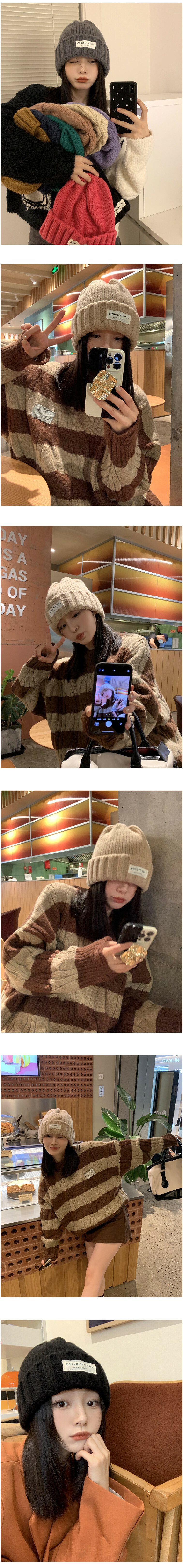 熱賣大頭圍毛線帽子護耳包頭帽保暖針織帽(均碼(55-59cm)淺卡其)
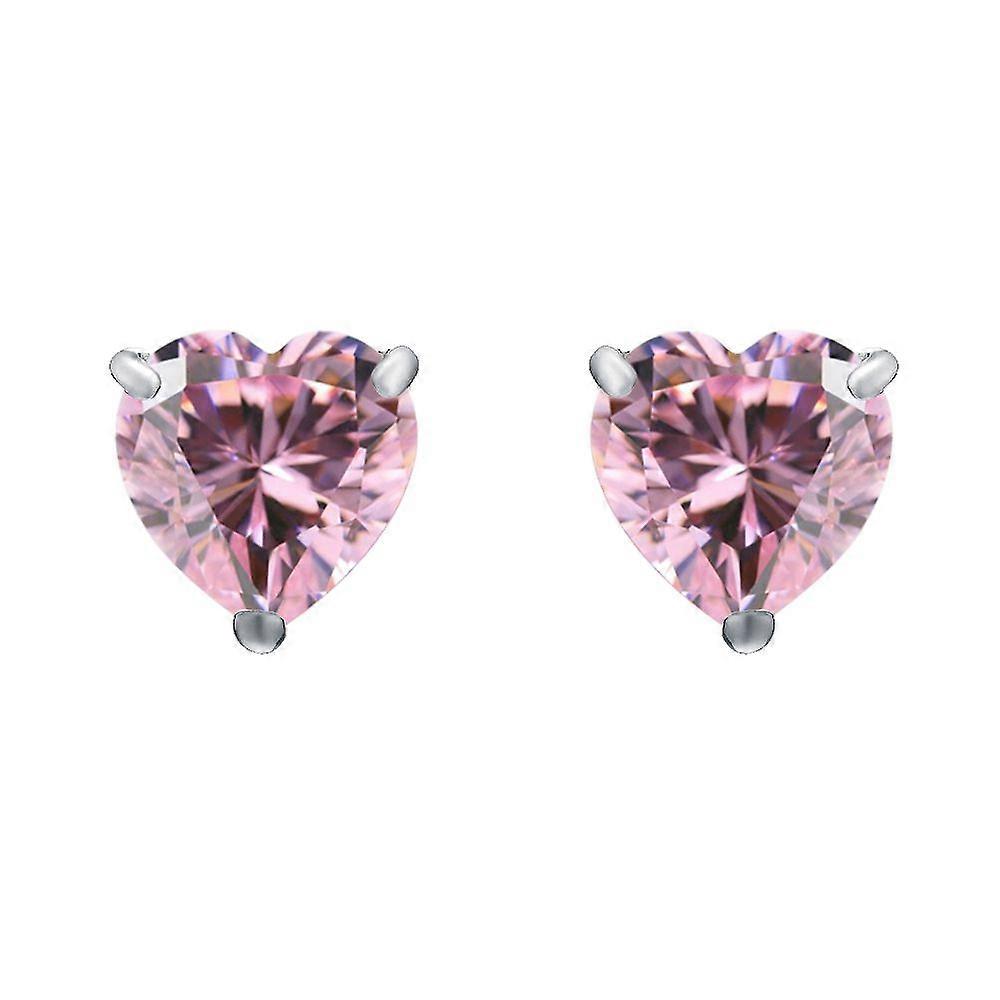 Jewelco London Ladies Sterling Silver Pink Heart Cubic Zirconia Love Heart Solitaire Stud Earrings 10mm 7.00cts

---

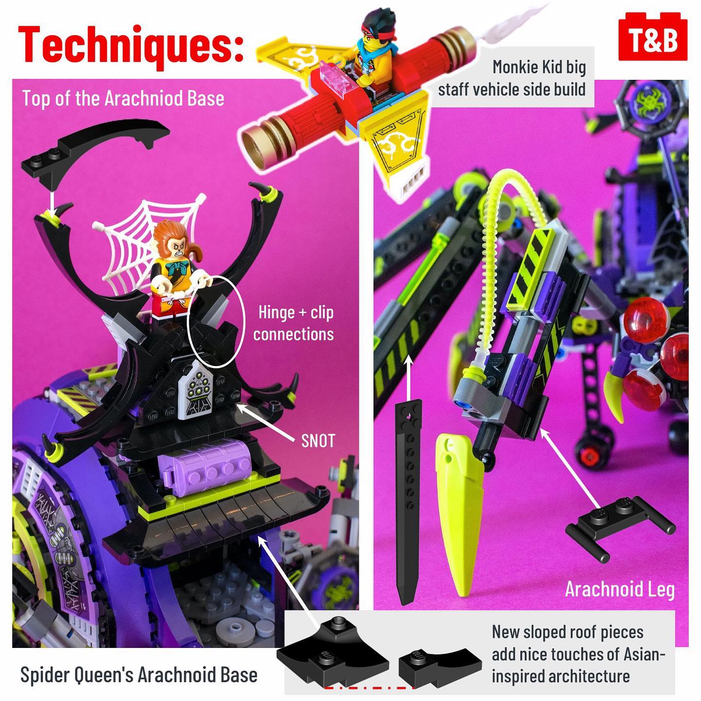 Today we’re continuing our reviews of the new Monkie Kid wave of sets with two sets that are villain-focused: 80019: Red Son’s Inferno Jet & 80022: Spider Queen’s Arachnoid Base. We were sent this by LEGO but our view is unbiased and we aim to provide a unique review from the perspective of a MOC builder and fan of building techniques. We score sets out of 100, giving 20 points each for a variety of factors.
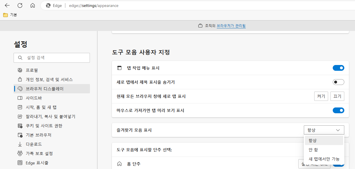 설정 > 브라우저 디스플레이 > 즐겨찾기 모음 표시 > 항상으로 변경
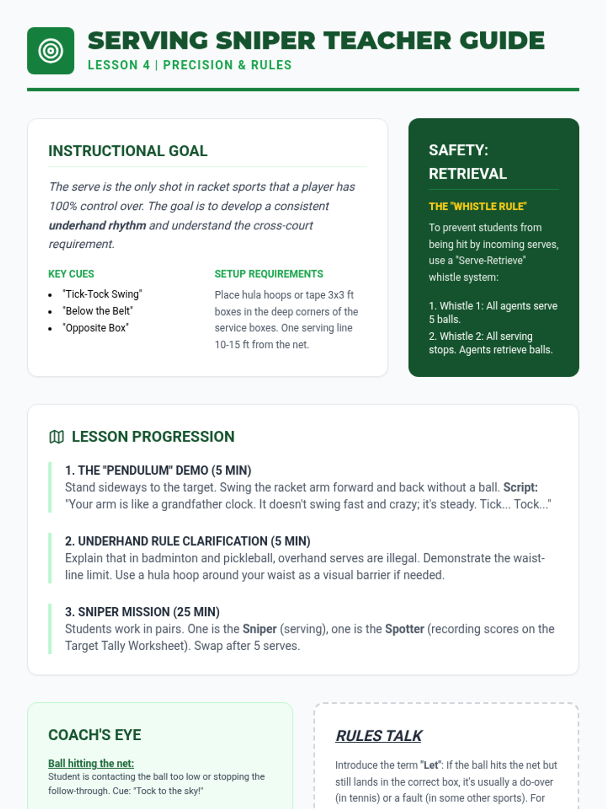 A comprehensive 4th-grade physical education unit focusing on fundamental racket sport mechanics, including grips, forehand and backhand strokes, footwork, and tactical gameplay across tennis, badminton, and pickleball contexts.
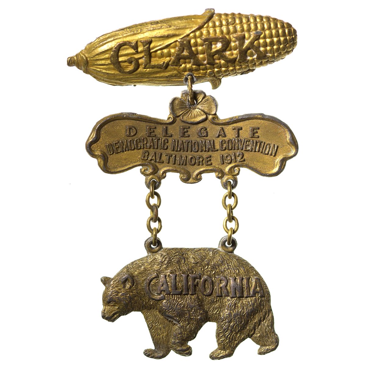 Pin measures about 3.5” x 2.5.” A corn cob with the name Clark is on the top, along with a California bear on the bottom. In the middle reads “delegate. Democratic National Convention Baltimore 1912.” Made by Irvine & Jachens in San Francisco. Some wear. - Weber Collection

- [PROBLEM DETAILS]:
All lines above from the one containing "Today we’re continuing" up to and including the one containing "Pin measures about" are to be set down exactly, and nothing else. Leave images out.

- [ANSWER BOX]:
 Today we’re continuing our reviews of the new Monkie Kid wave of sets with two sets that are villain-focused: 80019: Red Son’s Inferno Jet & 80022: Spider Queen’s Arachnoid Base. We were sent this by LEGO but our view is unbiased and we aim to provide a unique review from the perspective of a MOC builder and fan of building techniques. We score sets out of 100, giving 20 points each for a variety of factors.
 설정 > 브라우저 디스플레이 > 즐겨찾기 모음 표시 > 항상으로 변경
 A comprehensive 4th-grade physical education unit focusing on fundamental racket sport mechanics, including grips, forehand and backhand strokes, footwork, and tactical gameplay across tennis, badminton, and pickleball contexts.
 Pin measures about 3.5” x 2.5.” A corn cob with the name Clark is on the top, along with a California bear on the bottom. In the middle reads “delegate. Democratic National Convention Baltimore 1912.” Made by Irvine & Jachens in San Francisco. Some wear. - Weber Collection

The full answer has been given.